Using Web Technologies For The Local User Interface
This is a rough concept for using web technologies for the local user interface, replacing the Swing-based user interface. The basic idea is this:
- The user downloads the software
- They start languagetool-standalone.jar
- A local webserver is started on port 8080 (other ports are tried automatically if 8080 is used already)
- The user's default web browser is started, showing http://localhost:8080, which looks a lot like languagetool.org today but with more features (set mother tongue, activate/deactivate rules, …)

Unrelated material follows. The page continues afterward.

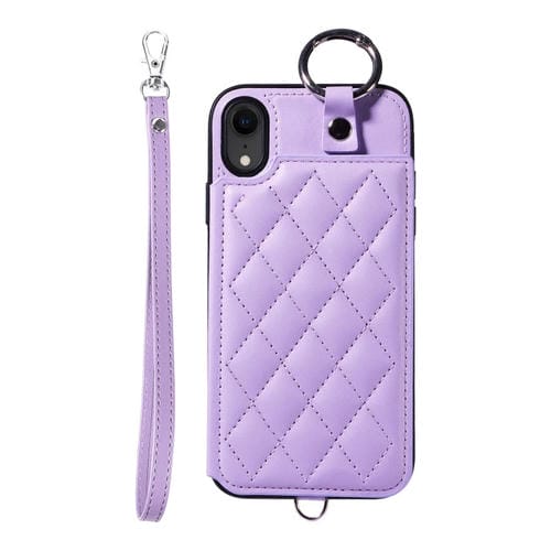 Estuche para teléfono iPhone Xr con bolsa para tarjetas textura rómbica y cordón corto (Púrpura)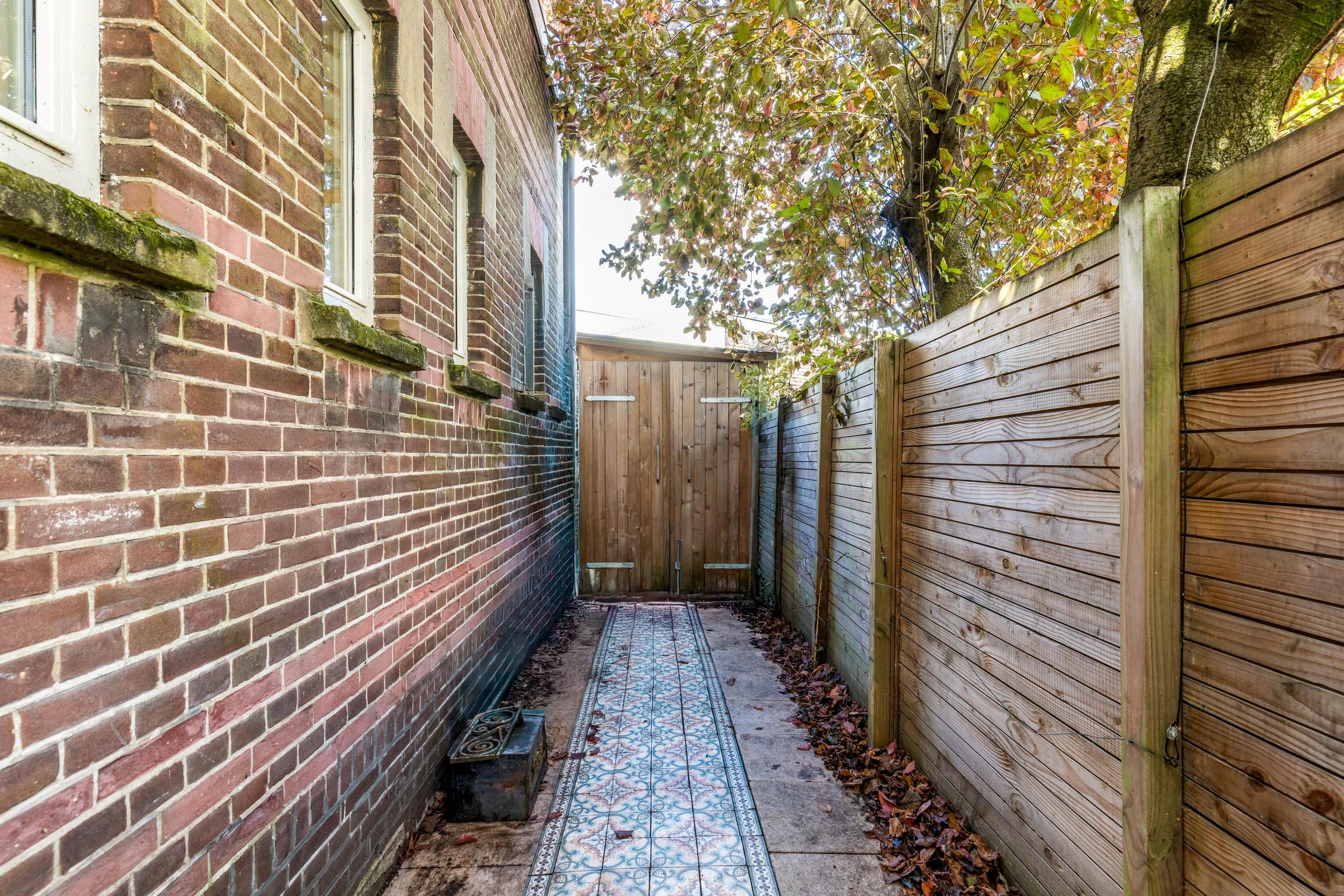 At the front lies a green, secluded garden where you can enjoy peace and privacy in the morning and afternoon sun. A gate provides access to the adjacent schoolyard, which residents are allowed to use as a play area for children or for casual gatherings and barbecues with friends.

- When the user checks a text, the API running at http://localhost:8080 is used
No features would be lost compared to before, as there's still the server part running which can e.g. store configuration files or show an LT icon in the task bar. In other words, we're not limited by what Javascript can do. Privacy is as good as with the old stand-alone version, as no personal data leaves the user's computer.
What's good about this?
- We'd be using the same technology for the stand-alone client and the web interface
- By doing so, the interface at languagetool.org would become complete, features like rule configuration would be added
- We'd be using technologies that are more widespread among developers than Swing is
- It's easy to add a "remote" mode, where a different LT server is used instead of the local one (e.g. to take advantage of the ngram data which is available on languagetool.org, but usually not locally)
What's bad about this?
- HTML + Javascript + CSS + server part is at least as complex as Swing
- It's a lot of work
Status
There's an incomplete prototype implementation, see page attachments. The main class to start is LocalWebAppConcept.